Systemic involvement was common, with autoimmune pancreatitis present in over 96% of cases, underscoring the strong association between IRC and pancreatic manifestations of IgG4-related disease. Imaging most frequently revealed isolated stenosis of the lower common bile duct, consistent with type 1 IRC.

These findings highlight the importance of comprehensive evaluation, as reliance on imaging alone may raise concern for biliary malignancy and lead to unnecessary invasive procedures.

Steroids Effective but Relapse Common

Glucocorticosteroids formed the cornerstone of treatment, with almost 90% of patients receiving steroid therapy. All treated patients demonstrated an excellent initial response, confirming the high steroid sensitivity of IRC.

During a median follow-up of more than five years, relapse occurred in 37.5% of patients. Importantly, nearly half of relapses developed after steroid withdrawal. Statistical analyses identified steroid maintenance duration as the only independent risk factor for relapse, with longer maintenance therapy associated with a reduced risk. These findings suggest that careful consideration of tapering schedules and maintenance strategies may be crucial in long-term disease control.

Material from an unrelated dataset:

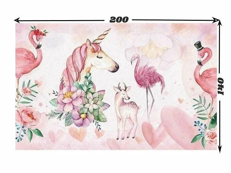Купить Коврик для детской 140х200см, детский коврик безворсовый для девочки "Единорог розовый"

Excellent Long-Term Prognosis

Despite the relatively high relapse rate, long-term outcomes were favourable. Only four patients died during follow-up, and none developed cholangiocarcinoma, a feared complication often considered during initial diagnostic work-up. Five- and ten-year overall survival rates exceeded 95%, and disease-specific survival was 100%.

The results confirm that IgG4-related cholangitis is a benign condition with an excellent prognosis when appropriately treated. While relapse remains a management challenge, it did not adversely affect survival, reinforcing the effectiveness of steroid therapy and the importance of long-term monitoring rather than aggressive intervention.

Reference

Sun J et al. Clinical features, responses to therapy and prognosis of 107 patients with IgG4-related cholangitis: a retrospective study. BMC Gastroenterol. 2026;DOI: 10.1186/s12876-025-04598-0.